Hi There. I am new to this forum (we are from Australia). My husband was diagnosed with stage 3 Multiple Myeloma 4 weeks ago. He is 48 years old has always been a fairly fit guy who rarely went to the doctor but became increasingly tired over the last year until he could barely get out of bed in the last few weeks before they diagnosed him. His exhaustion was previously thought to be due to thyroid issues.

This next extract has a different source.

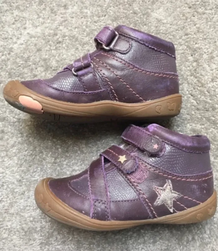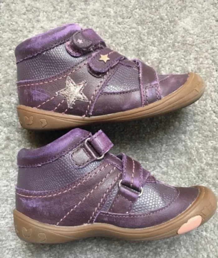 Bottines violettes en Cuir à scratch Vertbaudet Taille 26 Marques d'usure (type frottements) mais semelle en bon état #petchou94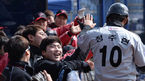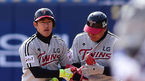 [OSEN=창원, 백승철 기자] 10일 오후 경남 창원시 마산야구장에서 열린 '2016 타이어뱅크 KBO 리그' NC 다이노스와 LG 트윈스의 시범경기 1회초 무사 3루 문선재의 희생플라이에 득점한 정주현이 덕아웃으로 들어가며 동료들과 하이파

I am now trying hard to educate myself with everything so as a start I am keen to know what advice you have for a newly diagnosed patient. He is on Velcade, Cyclophasphamide and Dexamathesone. They planning to do stem cell transplant soon (in the next 2-3 months).
We both feel a strong sense of confidence in his doctor who is a qualified Oncologist + Haemotologist. We think he is exceptionally dedicated and committed. But I do have a lot of questions that I was hoping to be answered by people who have experienced this first hand;
1. In retrospect - what questions would you ask upfront or did ask that you felt were key.
2. If the above treatment plan does not work, any advice on plan B? I prefer to know our family has Plan B and are not on the back foot all the time.
3. What alternative treatments have you found very useful to compliment this treatment plan?
4. Is there any better treatment plan than what he is getting? I get the feeling that this is currently very good. Is this any different to what specialist multiple myeloma centres around the world are offering?
5. His MRI's show almost no bone lesions. Doc says this is very good for Stage 3. Anyone else have this experience? Were you able to keep the lesions away with bone strengthening medication?
6. At what stages and for how long were you bedridden (i.e. unable to work or go out?). Any advice on when to take it easy and when to push yourself?
7. Is there anything I can do to help him lift his energy levels - he looks exhausted on the days he is not taking steroids.
8. Any other advice?
I am strangely optimistic even though he is stage 3. It is early days I know, but he looks really good on steroid days. Has shown no bone or other organ damage. Worst is his kidneys which apparently look better already and doctor believes could be reversible. I am wondering if this the quiet before the storm?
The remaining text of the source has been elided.